After locating the line with "パワフルムードな’80メイク" in the entries below, output it and each following line up to and including the line with "To remove channels", exactly and without pictures.

(Excerpts from a dataset)

────────────────────────────────────────

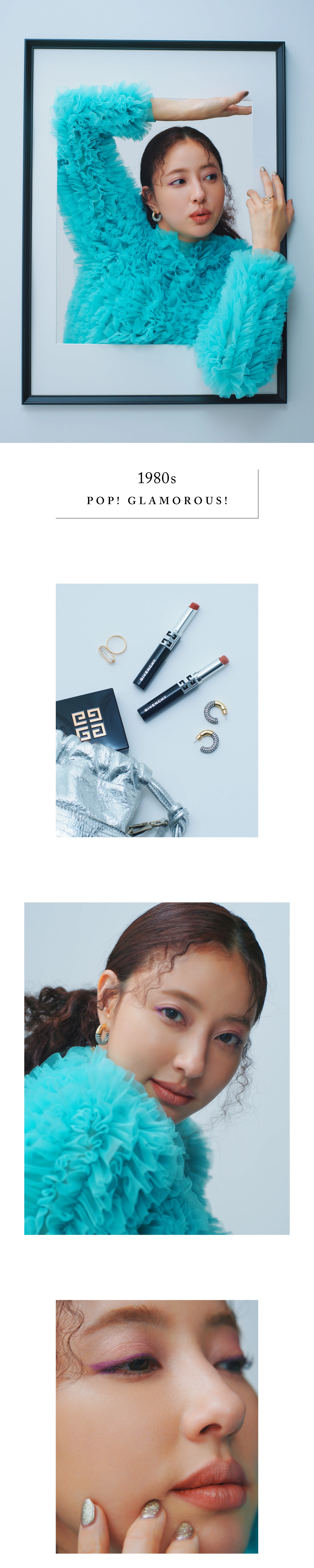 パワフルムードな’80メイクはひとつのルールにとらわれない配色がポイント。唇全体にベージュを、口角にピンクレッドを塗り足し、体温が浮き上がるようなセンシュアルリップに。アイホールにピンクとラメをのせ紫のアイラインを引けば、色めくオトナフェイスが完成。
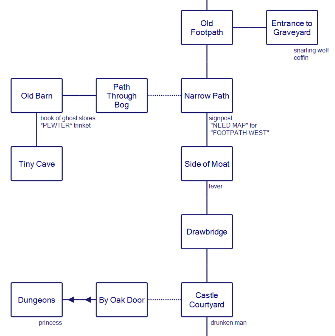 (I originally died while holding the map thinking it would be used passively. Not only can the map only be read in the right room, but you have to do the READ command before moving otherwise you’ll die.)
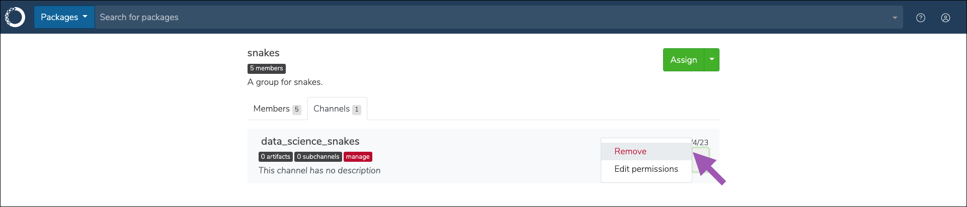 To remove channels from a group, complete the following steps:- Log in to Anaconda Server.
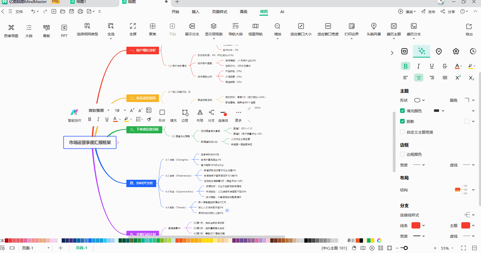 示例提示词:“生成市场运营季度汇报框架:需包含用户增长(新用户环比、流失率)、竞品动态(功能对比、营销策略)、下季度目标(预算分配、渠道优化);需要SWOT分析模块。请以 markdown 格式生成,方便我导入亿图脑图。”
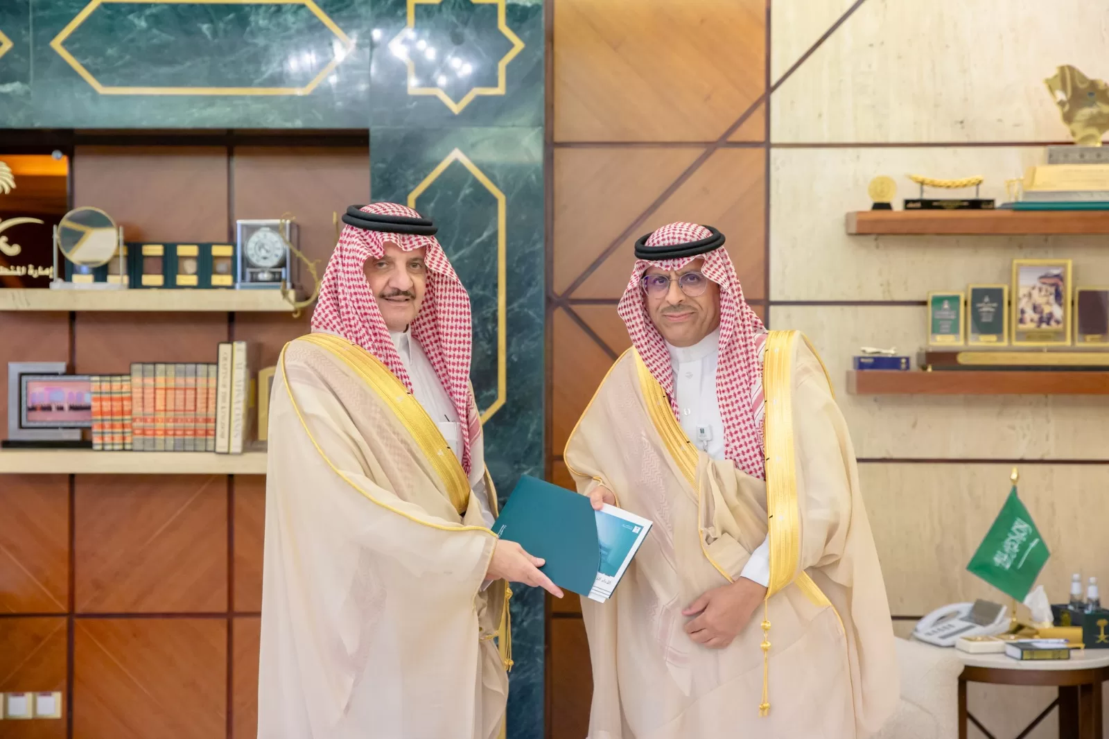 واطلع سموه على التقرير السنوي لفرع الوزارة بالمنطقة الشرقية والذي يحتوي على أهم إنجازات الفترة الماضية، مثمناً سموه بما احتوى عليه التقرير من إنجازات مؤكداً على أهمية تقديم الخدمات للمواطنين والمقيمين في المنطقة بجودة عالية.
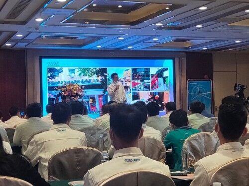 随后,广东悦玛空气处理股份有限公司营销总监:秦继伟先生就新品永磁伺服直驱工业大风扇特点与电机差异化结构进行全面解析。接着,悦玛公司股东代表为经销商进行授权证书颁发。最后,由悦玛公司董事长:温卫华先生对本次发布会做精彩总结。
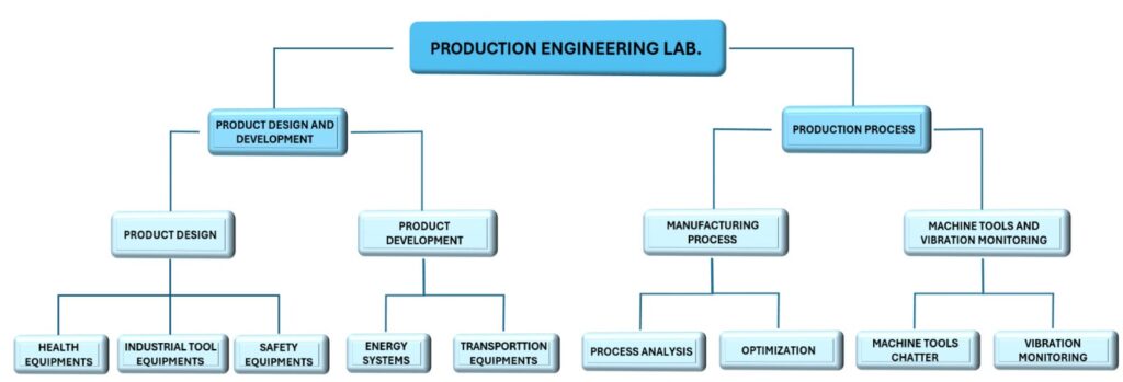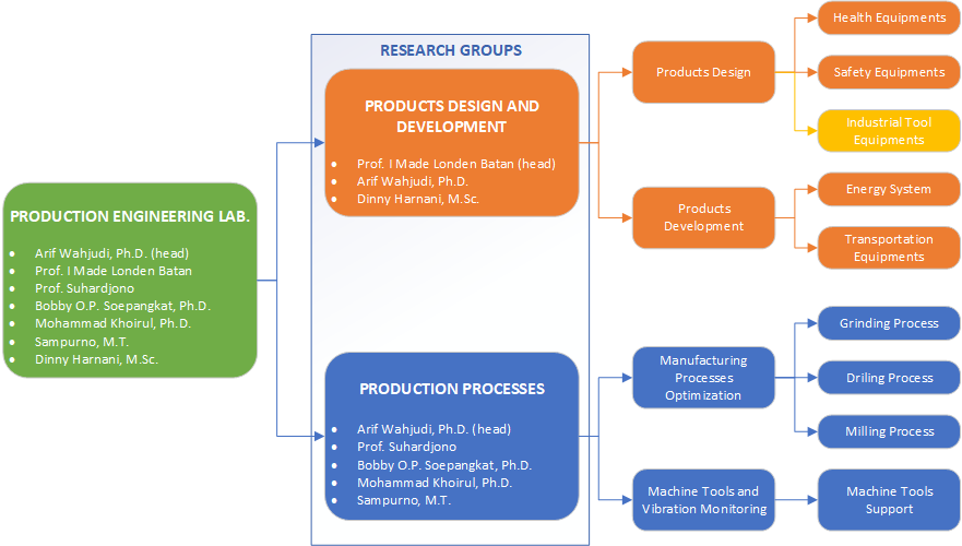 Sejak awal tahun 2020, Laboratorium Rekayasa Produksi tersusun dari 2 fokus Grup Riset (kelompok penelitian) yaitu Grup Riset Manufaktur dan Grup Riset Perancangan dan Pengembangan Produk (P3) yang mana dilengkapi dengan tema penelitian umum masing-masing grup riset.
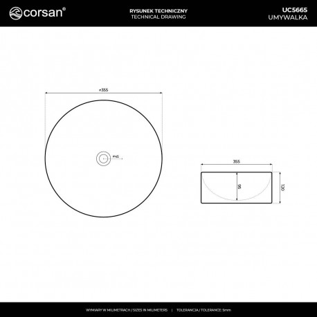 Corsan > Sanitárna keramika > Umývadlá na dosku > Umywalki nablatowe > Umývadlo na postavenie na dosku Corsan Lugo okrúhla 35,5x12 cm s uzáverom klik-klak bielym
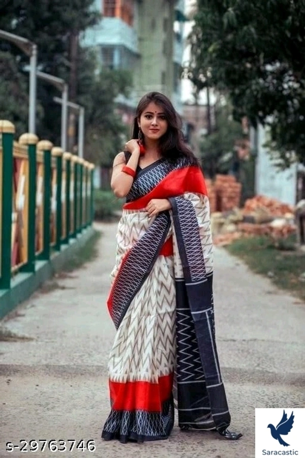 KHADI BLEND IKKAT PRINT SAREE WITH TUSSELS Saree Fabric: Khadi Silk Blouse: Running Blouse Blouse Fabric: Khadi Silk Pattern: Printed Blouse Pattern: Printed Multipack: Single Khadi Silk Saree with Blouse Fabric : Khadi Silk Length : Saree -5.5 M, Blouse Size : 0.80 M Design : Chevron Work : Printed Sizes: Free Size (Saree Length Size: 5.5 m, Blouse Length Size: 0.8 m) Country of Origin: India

────────────────────────────────────────

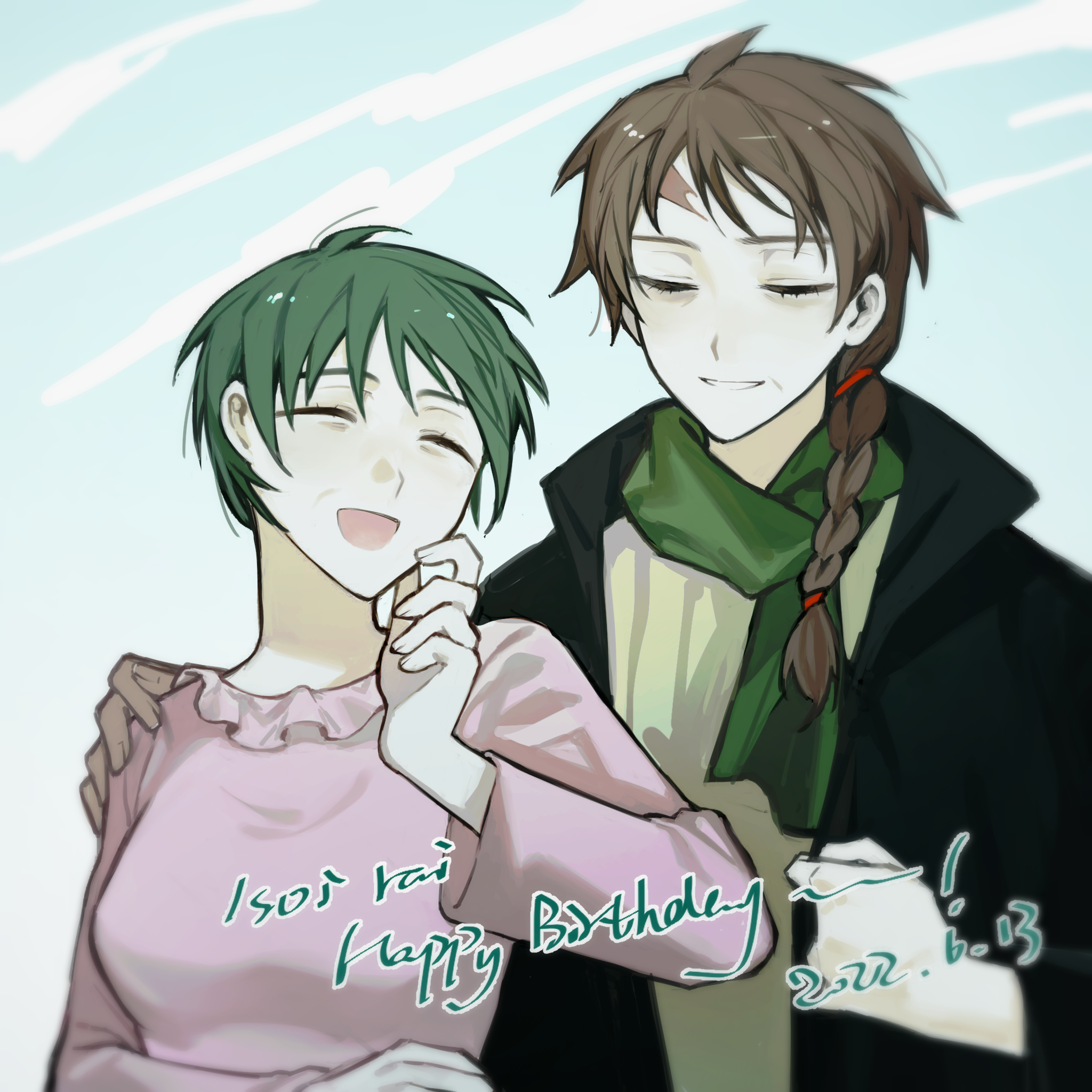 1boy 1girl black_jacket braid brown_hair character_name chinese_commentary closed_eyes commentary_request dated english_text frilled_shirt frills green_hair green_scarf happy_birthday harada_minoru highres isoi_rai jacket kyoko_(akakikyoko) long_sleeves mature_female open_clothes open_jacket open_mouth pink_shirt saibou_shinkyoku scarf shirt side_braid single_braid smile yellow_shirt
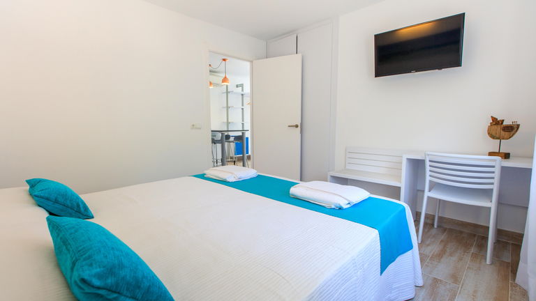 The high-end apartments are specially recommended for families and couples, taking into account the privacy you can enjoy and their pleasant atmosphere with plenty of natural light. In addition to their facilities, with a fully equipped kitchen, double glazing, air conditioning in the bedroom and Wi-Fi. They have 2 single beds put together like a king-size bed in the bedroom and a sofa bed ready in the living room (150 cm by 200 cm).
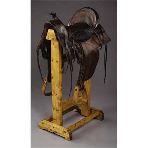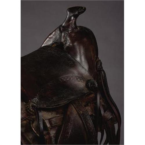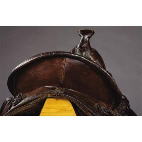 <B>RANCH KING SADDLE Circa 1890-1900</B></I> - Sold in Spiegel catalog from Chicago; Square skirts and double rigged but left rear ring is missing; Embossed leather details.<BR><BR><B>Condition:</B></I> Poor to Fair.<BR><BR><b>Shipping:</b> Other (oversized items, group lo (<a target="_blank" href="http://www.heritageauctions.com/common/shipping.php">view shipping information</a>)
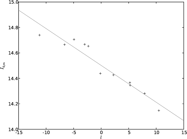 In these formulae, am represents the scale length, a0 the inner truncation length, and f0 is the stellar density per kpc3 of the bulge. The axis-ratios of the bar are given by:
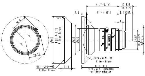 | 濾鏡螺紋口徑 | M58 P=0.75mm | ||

────────────────────────────────────────

Solution to this problem:
 パワフルムードな’80メイクはひとつのルールにとらわれない配色がポイント。唇全体にベージュを、口角にピンクレッドを塗り足し、体温が浮き上がるようなセンシュアルリップに。アイホールにピンクとラメをのせ紫のアイラインを引けば、色めくオトナフェイスが完成。
 (I originally died while holding the map thinking it would be used passively. Not only can the map only be read in the right room, but you have to do the READ command before moving otherwise you’ll die.)
 To remove channels from a group, complete the following steps:- Log in to Anaconda Server.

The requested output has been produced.